Skipping all pictures, please restate word for word the lines from the one that contains "美股期货走低,纳斯达克100指数期货一度跌逾1%,目前跌幅有所收窄。" through the last line of the entries.

Records from a data collection:
★ ★ ★

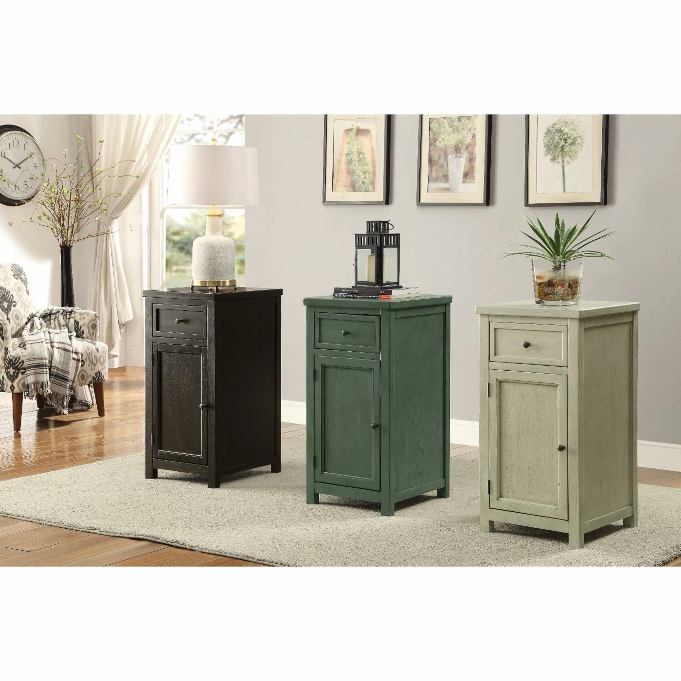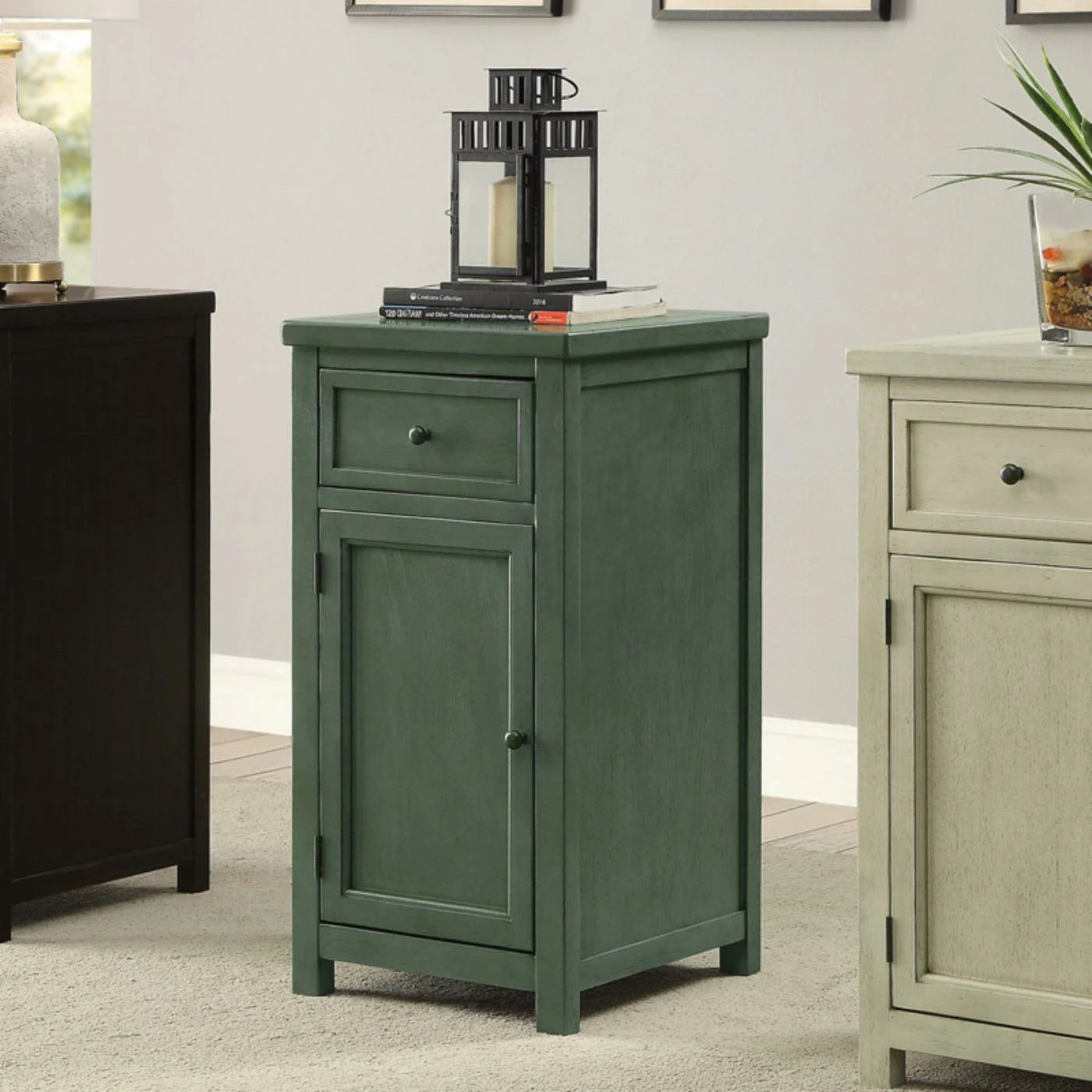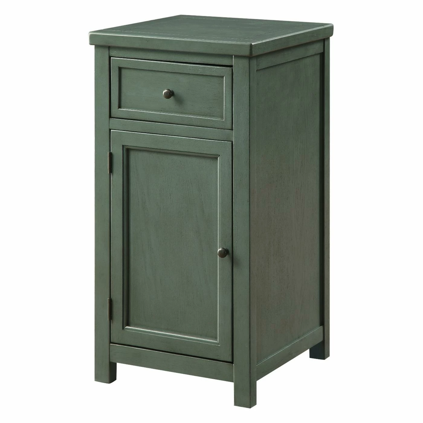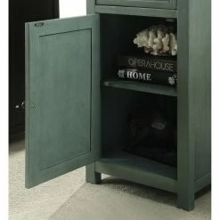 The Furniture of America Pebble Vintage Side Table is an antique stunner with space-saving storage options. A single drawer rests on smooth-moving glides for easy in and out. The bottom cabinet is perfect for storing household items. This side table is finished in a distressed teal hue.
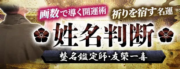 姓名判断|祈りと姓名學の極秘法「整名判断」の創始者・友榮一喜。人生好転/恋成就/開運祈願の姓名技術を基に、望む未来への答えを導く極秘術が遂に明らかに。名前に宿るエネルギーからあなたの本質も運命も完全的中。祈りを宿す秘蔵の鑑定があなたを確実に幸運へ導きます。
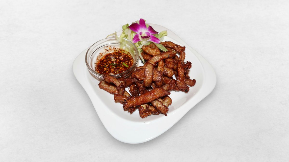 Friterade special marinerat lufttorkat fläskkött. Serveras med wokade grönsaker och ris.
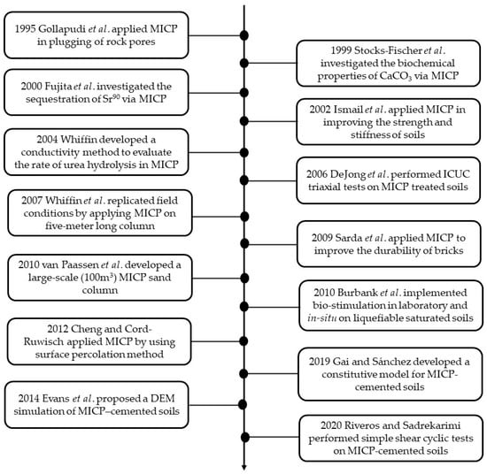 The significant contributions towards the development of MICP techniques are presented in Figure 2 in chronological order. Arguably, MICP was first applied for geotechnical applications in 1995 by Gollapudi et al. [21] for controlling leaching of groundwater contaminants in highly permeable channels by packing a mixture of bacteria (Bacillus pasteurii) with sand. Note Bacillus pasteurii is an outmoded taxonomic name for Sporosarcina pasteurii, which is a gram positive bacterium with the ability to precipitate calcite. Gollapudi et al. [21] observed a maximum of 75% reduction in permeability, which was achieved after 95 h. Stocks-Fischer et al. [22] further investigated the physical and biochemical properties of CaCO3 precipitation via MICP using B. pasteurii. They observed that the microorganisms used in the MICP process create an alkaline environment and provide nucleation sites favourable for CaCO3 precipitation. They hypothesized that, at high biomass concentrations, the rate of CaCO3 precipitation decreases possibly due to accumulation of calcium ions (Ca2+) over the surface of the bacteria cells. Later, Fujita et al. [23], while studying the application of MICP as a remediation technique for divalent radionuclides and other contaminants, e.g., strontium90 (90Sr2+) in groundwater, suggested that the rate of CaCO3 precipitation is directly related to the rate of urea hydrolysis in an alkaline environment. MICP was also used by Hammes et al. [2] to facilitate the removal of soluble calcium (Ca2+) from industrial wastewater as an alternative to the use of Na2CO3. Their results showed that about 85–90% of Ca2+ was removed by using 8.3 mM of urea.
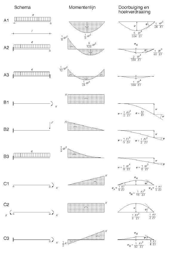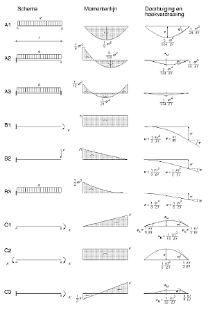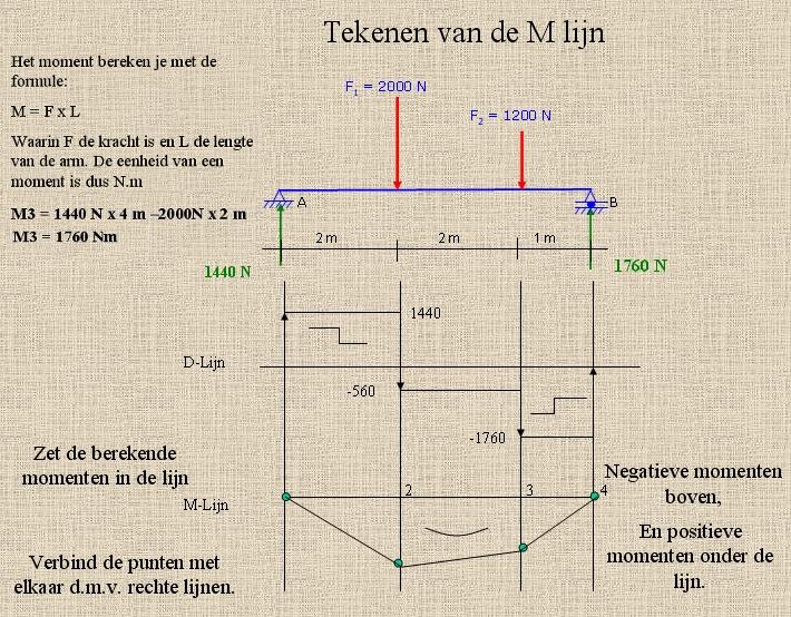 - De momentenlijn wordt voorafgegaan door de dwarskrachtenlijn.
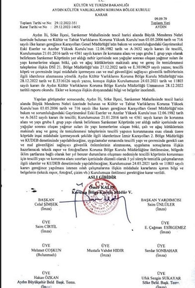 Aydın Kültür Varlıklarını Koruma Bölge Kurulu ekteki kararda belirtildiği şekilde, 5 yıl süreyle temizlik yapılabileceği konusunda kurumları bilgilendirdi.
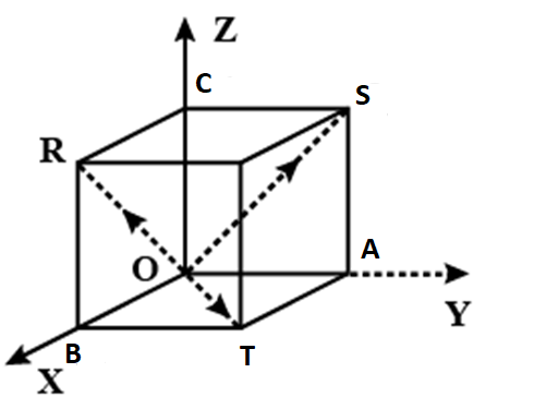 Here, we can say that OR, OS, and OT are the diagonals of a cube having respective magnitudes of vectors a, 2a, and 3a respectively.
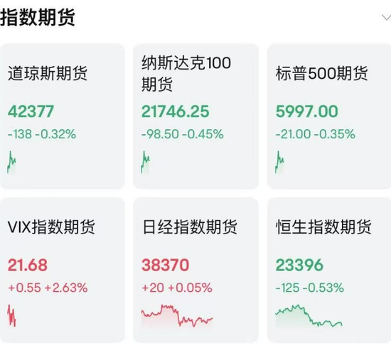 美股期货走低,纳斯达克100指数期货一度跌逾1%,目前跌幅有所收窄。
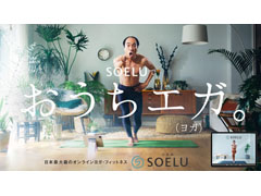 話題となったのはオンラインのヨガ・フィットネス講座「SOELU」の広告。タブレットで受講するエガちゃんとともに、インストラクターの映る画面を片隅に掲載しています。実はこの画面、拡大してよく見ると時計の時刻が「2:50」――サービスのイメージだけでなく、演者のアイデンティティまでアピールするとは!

★ ★ ★

Answer:
 美股期货走低,纳斯达克100指数期货一度跌逾1%,目前跌幅有所收窄。
 話題となったのはオンラインのヨガ・フィットネス講座「SOELU」の広告。タブレットで受講するエガちゃんとともに、インストラクターの映る画面を片隅に掲載しています。実はこの画面、拡大してよく見ると時計の時刻が「2:50」――サービスのイメージだけでなく、演者のアイデンティティまでアピールするとは!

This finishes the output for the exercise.